== Segment start ==

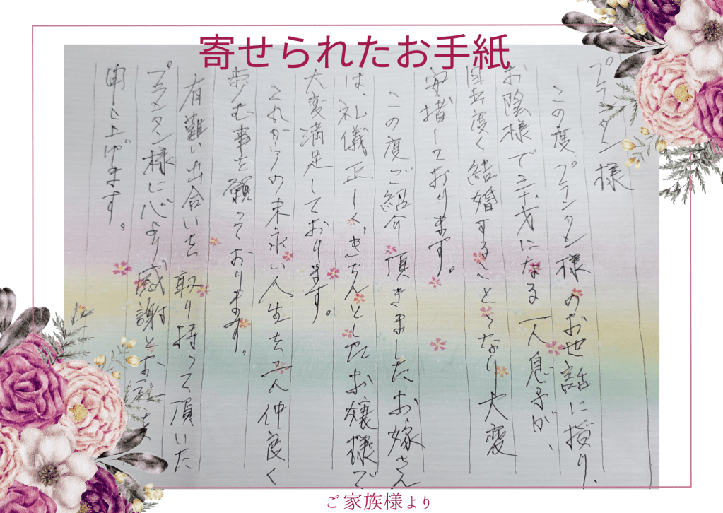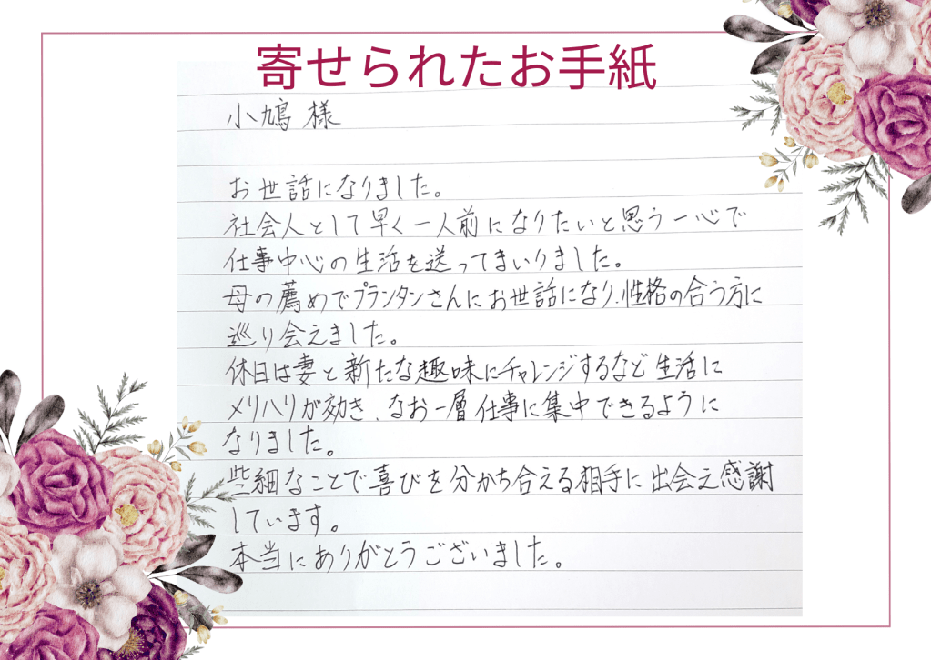 幸せの近況をLINEや手紙で報告いただく度に温かな気持ちになります。
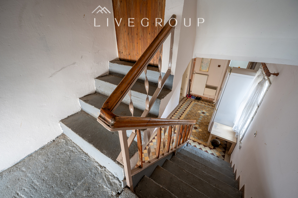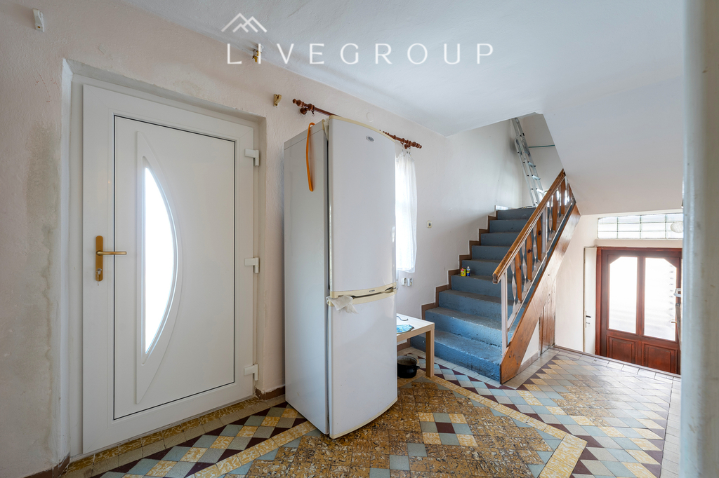 Dále je zde velká ložnice, koupelna, spíž, samostatná toaleta, chodba, ze které je výstup na zahradu a vstupní hala , kde se nachází vstup do domu z ulice, boční výstup na zahradu a schodiště do patra.
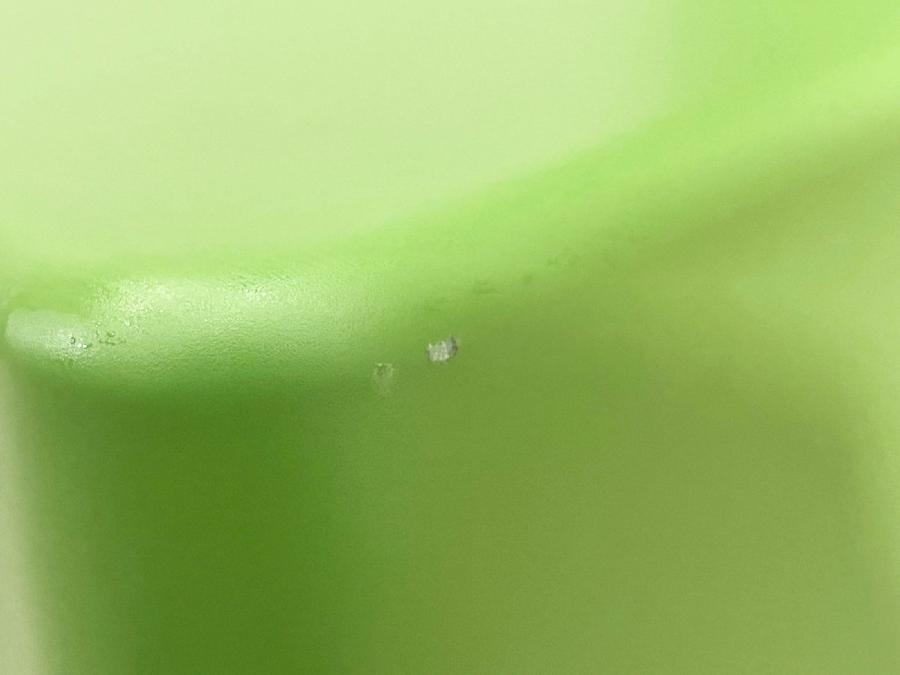 - かなり強い濃い黄ばみ・変色が商品全体にある。(例、座面・背もたれ、脚部等にある。)
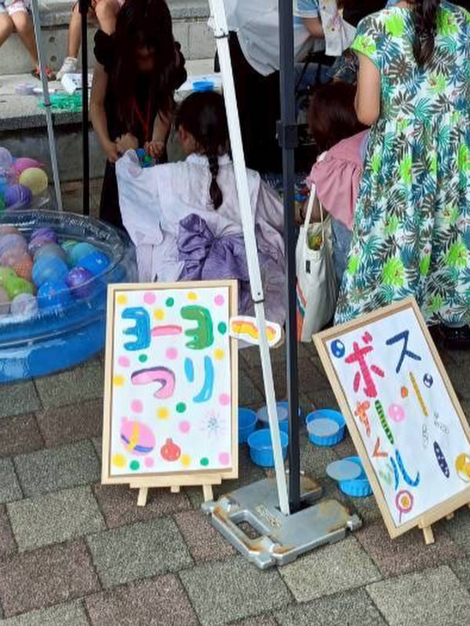 私たちが学生団体を結成してから初めてのイベント参加で、不安や緊張でいっぱいの中、元気いっぱいな子どもたちや活力溢れるボランティアの方々、色々な場面でご協力してくださるリニモテラスの職員さんに支えられ、学生らしく夏祭りをやりきることができました!!
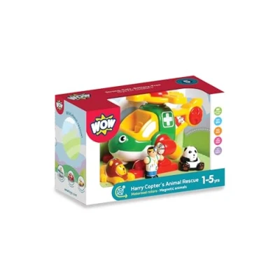 Trigger activated, motor powered rotor blades with realistic sounds Magnetic rescue winch to pick up injured animals Twisting search light automatically releases animals from magnet Clicking tail rotor Removable vet pilot Play Friend and two jungle Animal Friends, Manufacturer: WOW Toys
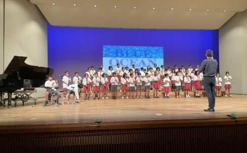 4年生は、リコーダーと三線による演奏に加え、合唱も披露しました。
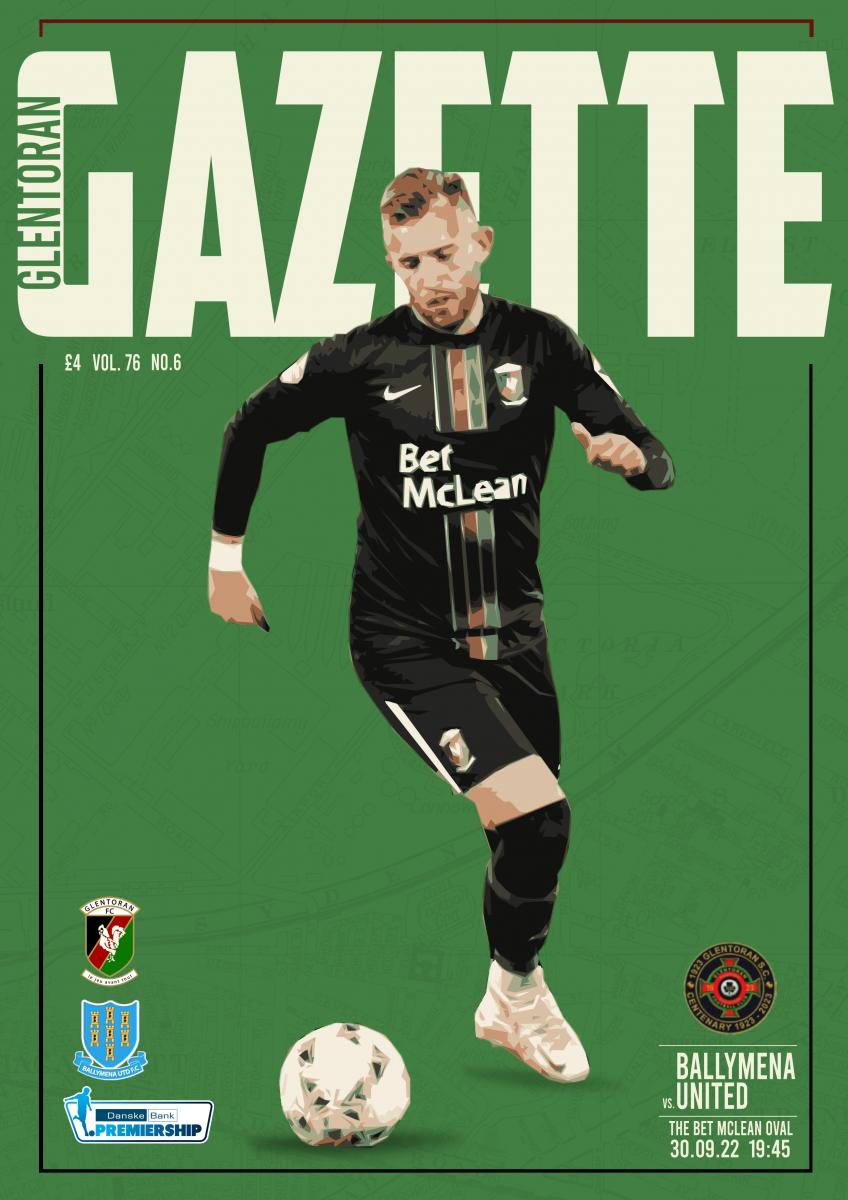 In another 40-page match programme for Friday night the Gazette team looks at issues on and off the field. We condemn those behind digging up the Conor McMenamin video and ask is it time for the IFA to invest in the full-time game here while long-standing supporter Stephen Reid has a plan to end the scramble for tickets at away games. Mick McDermott is wary of Ballymena while Bill Wray is hoping the Sky Blues can turn around their dismal early season form. New boy James Singleton tells Matthew Brown he found adjusting to the full-time game tough but worth it, Philip Stevenson reports on a rare defeat for the Glens Legends while Bobby Burns answers the Gazette’s questions. Brian McClelland focusses on a few of the many Dubliners who have worn the red, green and black while Henry Muldrew’s English odyssey begins in the football hotbed of Newcastle-upon-Tyne. As always Norman Ternahan and Tommy Sewell review the latest action in words and pictures in an issue which has Ally Roy as Beth Stafford and Joe Burns’ cover star. The £4 Gazette, the Irish League’s leading matchday programme, is by the fans for the fans.

== Segment end ==

Assignment: Nothing but the lines from the one with "- かなり強い濃い黄ばみ・変" up to and including the one with "4年生は、リコーダーと三線による演奏に加え、合唱も披露しました。" should be printed, exactly as they read above. Please keep the pictures out.

Reply to the task:
 - かなり強い濃い黄ばみ・変色が商品全体にある。(例、座面・背もたれ、脚部等にある。)
 私たちが学生団体を結成してから初めてのイベント参加で、不安や緊張でいっぱいの中、元気いっぱいな子どもたちや活力溢れるボランティアの方々、色々な場面でご協力してくださるリニモテラスの職員さんに支えられ、学生らしく夏祭りをやりきることができました!!
 Trigger activated, motor powered rotor blades with realistic sounds Magnetic rescue winch to pick up injured animals Twisting search light automatically releases animals from magnet Clicking tail rotor Removable vet pilot Play Friend and two jungle Animal Friends, Manufacturer: WOW Toys
 4年生は、リコーダーと三線による演奏に加え、合唱も披露しました。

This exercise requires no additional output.